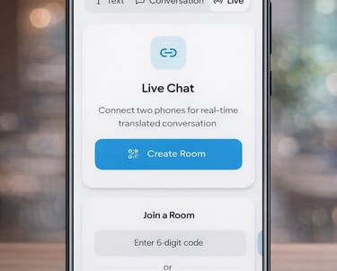 Pair two devices using a QR code or room code for real-time translated messaging across languages.
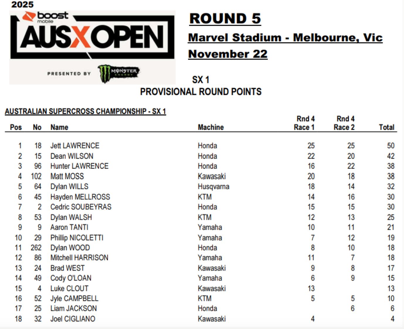 Jett Lawrence has won the Australian Supercross Open in Melbourne. Lawrence took control of both main events and dominated the race. Behind Lawrence, Dean Wilson secured second overall with a 2–3, ahead of Hunter Lawrence with a 5–2. Hunter came from the back of the pack in the first main event and still managed to salvage a fifth place.
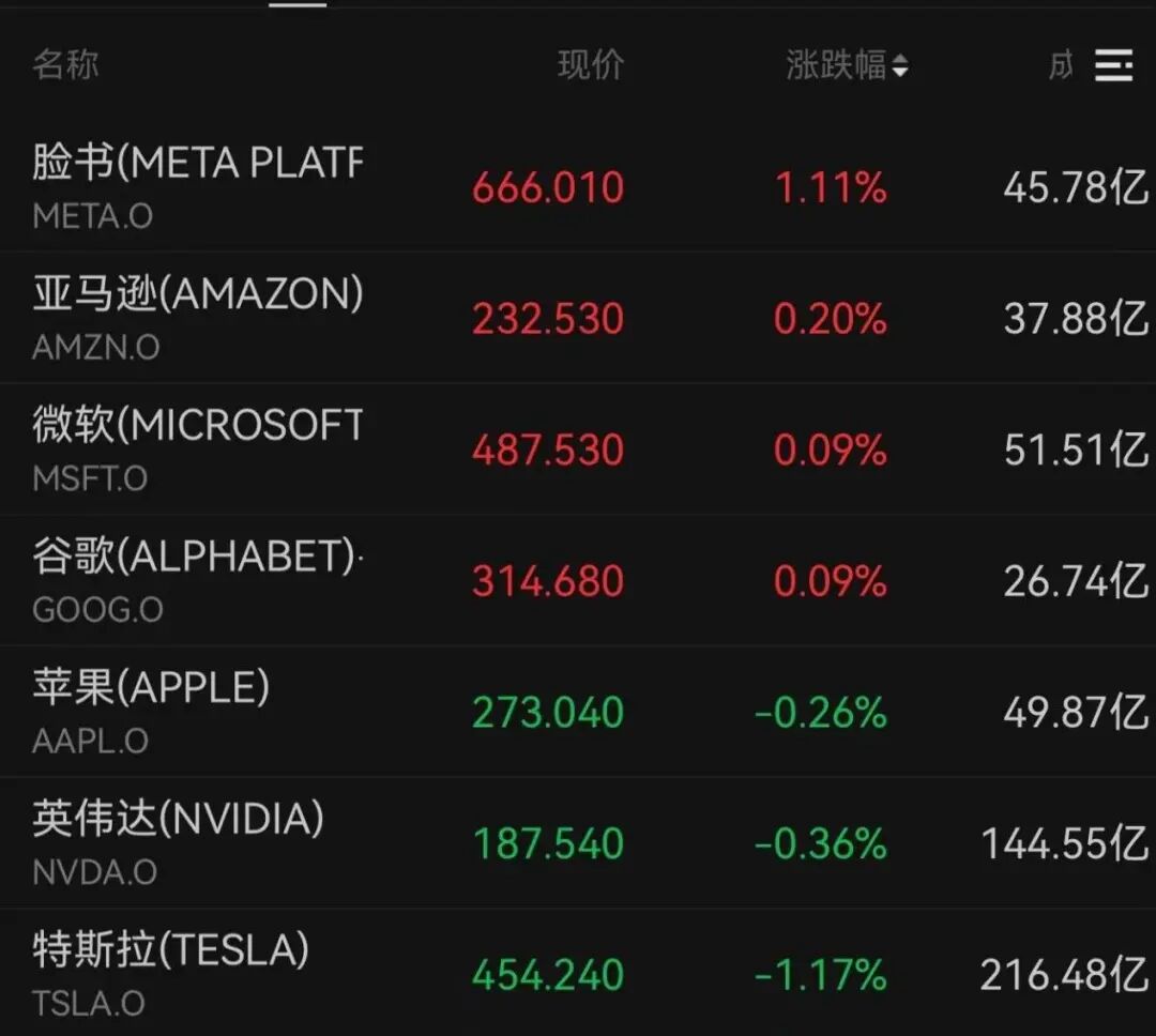 大型科技股涨跌不一。脸书涨幅超过1%,亚马逊、微软、谷歌小幅上涨0.20%、0.09%、0.09%;特斯拉下跌1.17%,苹果、英伟达均收跌。
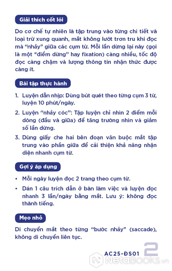 - Cá nhân muốn cải thiện tốc độ đọc, khả năng ghi nhớ và thấu hiểu nội dung.
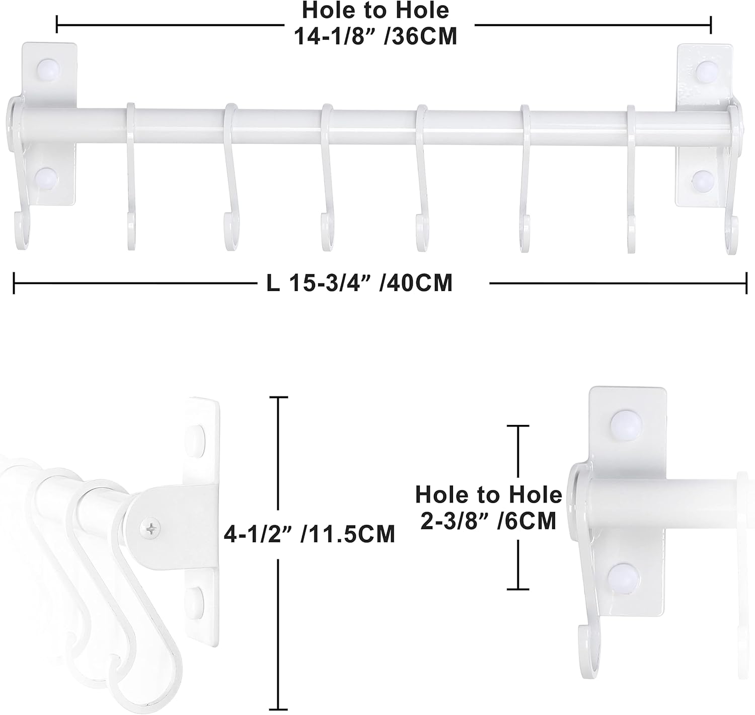 - Easy to install, sizes: 15-3/4 L x 4-1/2 H x 1-5/8 inch, including 1 x kitchen rail with 8 S hooks, mounting hardware, white color,
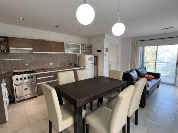 Cuenta con un amplio living-comedor, cocina integrada, un baño completo y dos dormitorios, aire acondicionado individual.
--- --- ---
» **What is required**
Your job is to copy every entry exactly. Omit the pictures.

» **The answer**
 Pair two devices using a QR code or room code for real-time translated messaging across languages.
 Jett Lawrence has won the Australian Supercross Open in Melbourne. Lawrence took control of both main events and dominated the race. Behind Lawrence, Dean Wilson secured second overall with a 2–3, ahead of Hunter Lawrence with a 5–2. Hunter came from the back of the pack in the first main event and still managed to salvage a fifth place.
 大型科技股涨跌不一。脸书涨幅超过1%,亚马逊、微软、谷歌小幅上涨0.20%、0.09%、0.09%;特斯拉下跌1.17%,苹果、英伟达均收跌。
 - Cá nhân muốn cải thiện tốc độ đọc, khả năng ghi nhớ và thấu hiểu nội dung.
 - Easy to install, sizes: 15-3/4 L x 4-1/2 H x 1-5/8 inch, including 1 x kitchen rail with 8 S hooks, mounting hardware, white color,
 Cuenta con un amplio living-comedor, cocina integrada, un baño completo y dos dormitorios, aire acondicionado individual.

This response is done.